Subject: Slowroll + SELinux on Btrfs: unlabeled root subvolume @ after migration, how I fixed it

I am posting this in case it helps anyone else.

I migrated a machine (ibmserv2) to openSUSE Slowroll on Btrfs, then later enabled SELinux. The machine would boot in Permissive, but ausearch -m AVC -ts boot showed many AVCs involving unlabeled_t.

The important point was that this was not a general SELinux policy problem and not something to solve with audit2allow.

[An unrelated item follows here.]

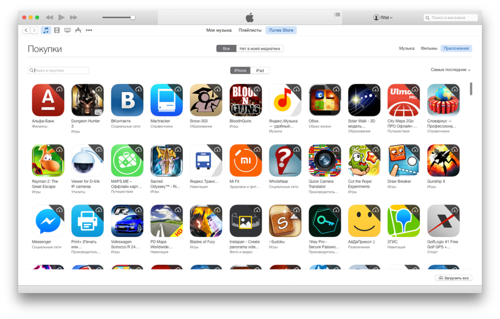 и зайти на свой аккаунт с помощью Apple ID. Далее нужно зайти в раздел Покупки

It was a labeling problem.

Symptoms

getenforce showed:

Permissive

AVCs looked like this:

avc: denied { read } ... tcontext=system_u:object_r:unlabeled_t:s0 ...

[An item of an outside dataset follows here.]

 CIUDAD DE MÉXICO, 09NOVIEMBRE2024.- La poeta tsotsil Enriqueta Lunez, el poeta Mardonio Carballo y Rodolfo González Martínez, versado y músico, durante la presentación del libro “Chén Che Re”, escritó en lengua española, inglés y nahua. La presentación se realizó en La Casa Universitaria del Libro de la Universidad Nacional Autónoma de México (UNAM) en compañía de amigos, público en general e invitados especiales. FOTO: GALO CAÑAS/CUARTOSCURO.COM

Initially the AVCs mentioned the Btrfs root subvolume object @ and root-level symlinks such as /bin, /lib, /sbin, /lib64.

What I found

The running system is mounted from the Btrfs subvolume @, so to inspect the real subvolume root object I mounted subvolid=5 temporarily:

sudo mkdir -p /mnt/btrfs-top
sudo mount -o subvolid=5 /dev/nvme0n1p1 /mnt/btrfs-top

Then I checked labels:

sudo getfattr -n security.selinux -e text /mnt/btrfs-top/@ /mnt/btrfs-top/@/usr 2>/dev/null
sudo matchpathcon / /usr /usr/lib64 /etc/selinux

This showed:

• /mnt/btrfs-top/@ had unlabeled_t
• /mnt/btrfs-top/@/usr was correctly labeled
• later I also found the symlinks /mnt/btrfs-top/@/bin, /lib, /sbin, /lib64 needed fixing

So the real issue was the Btrfs subvolume root and root symlinks, not the whole tree.

Why /mnt/btrfs-top was needed

This was only a temporary tool to expose the top-level Btrfs tree so the real @ object could be inspected and labeled.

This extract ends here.